DATA BELOW.
------------
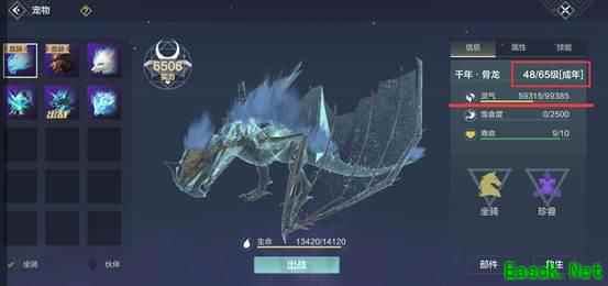 上图左边骨龙等级,左边是宠物当前等级,右边是宠物最高等级,也就是宠物灵气获取上限。目前还没有办法可以突破。 灵气是当前等级的灵气,当达到最高值时,宠物会升级。 宠物等级作用: 宠物等级不仅会加宠物实力,还会增加宠物属性。让宠物变得更加强壮。
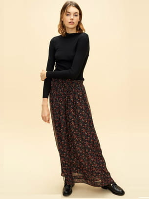 Longue robe bimatière rouge et noire à imprimé floral de Claudie Pierlot
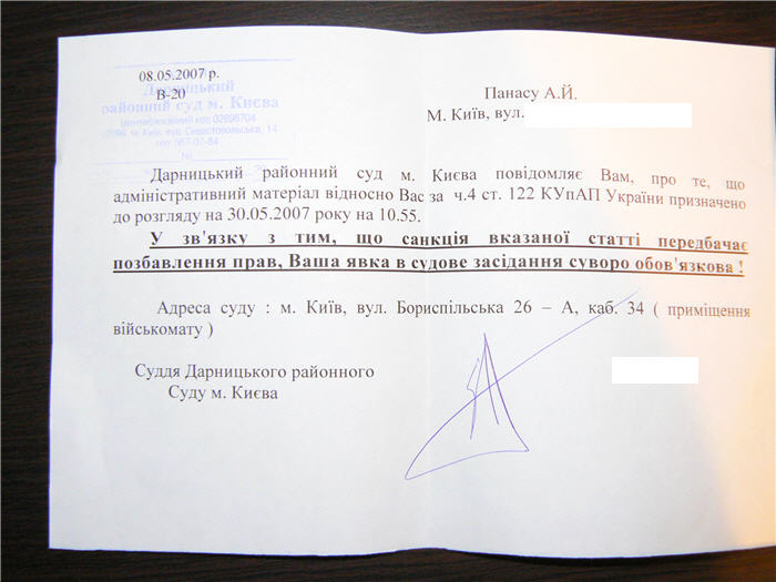 Розгляд в суді призначено на 31 травня 2007 року, а отже 2 місяці уже пройде з моменту скоєння правопорушення. А отже згідно ст.38 КУаПП ст122 ч.4 уже пізно буде накладати стягнення.
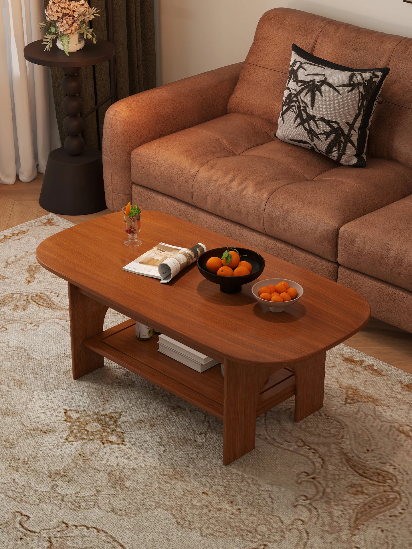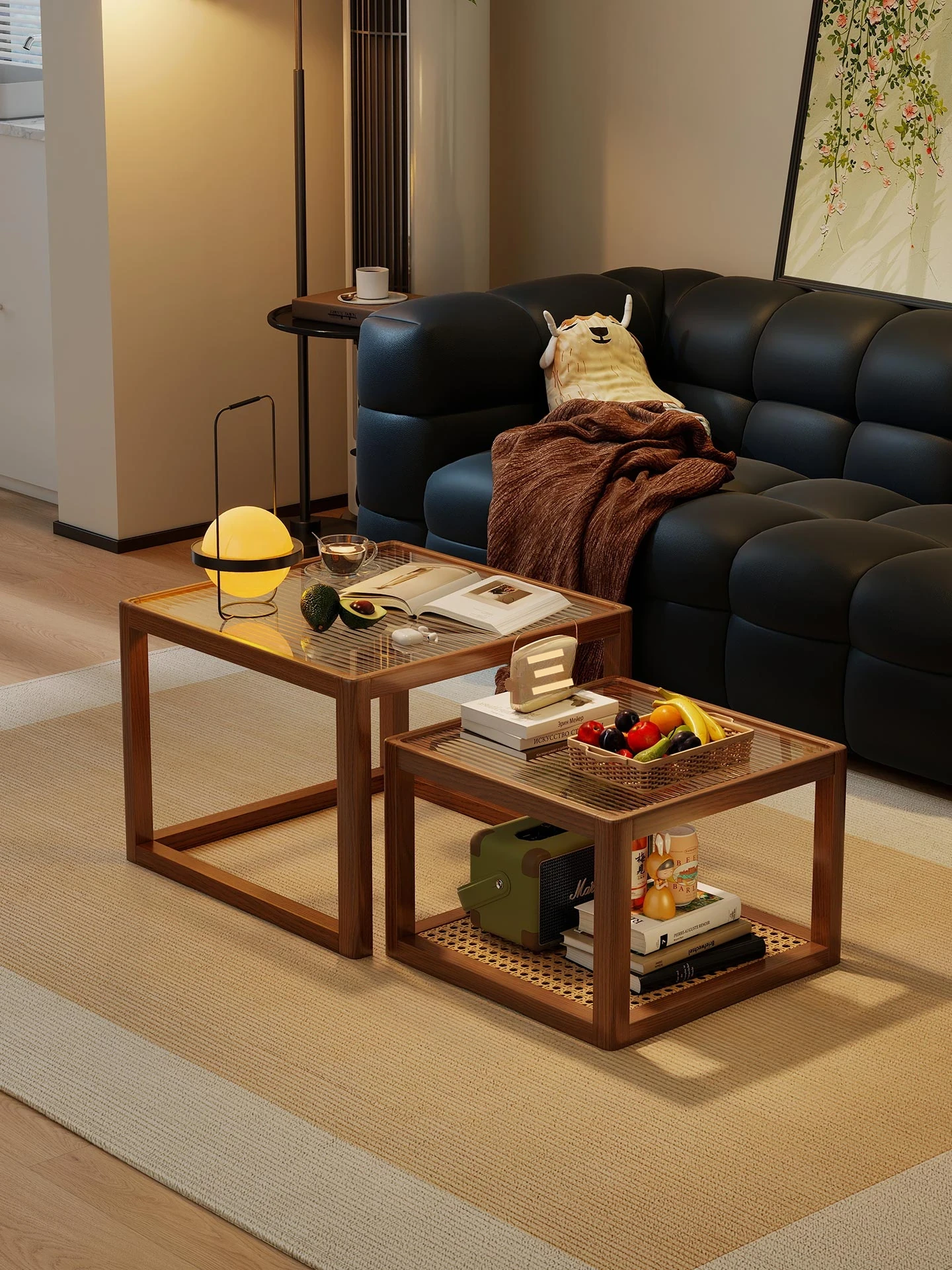 無垢材とラタン編みの長虹グラスコーヒーテーブル - 小さな家にぴったりのシンプルでモダンなデザイン。ウォールナットのレトロな侘び寂びスタイルの丸いエッジが魅力的です。おしゃれなリビング空間を演出します。
------------
WHAT YOU WILL DO. The data above is to be printed exactly, all of it, except for the pictures.

PROBLEM SOLUTION.
 上图左边骨龙等级,左边是宠物当前等级,右边是宠物最高等级,也就是宠物灵气获取上限。目前还没有办法可以突破。 灵气是当前等级的灵气,当达到最高值时,宠物会升级。 宠物等级作用: 宠物等级不仅会加宠物实力,还会增加宠物属性。让宠物变得更加强壮。
 Longue robe bimatière rouge et noire à imprimé floral de Claudie Pierlot
 Розгляд в суді призначено на 31 травня 2007 року, а отже 2 місяці уже пройде з моменту скоєння правопорушення. А отже згідно ст.38 КУаПП ст122 ч.4 уже пізно буде накладати стягнення.
 無垢材とラタン編みの長虹グラスコーヒーテーブル - 小さな家にぴったりのシンプルでモダンなデザイン。ウォールナットのレトロな侘び寂びスタイルの丸いエッジが魅力的です。おしゃれなリビング空間を演出します。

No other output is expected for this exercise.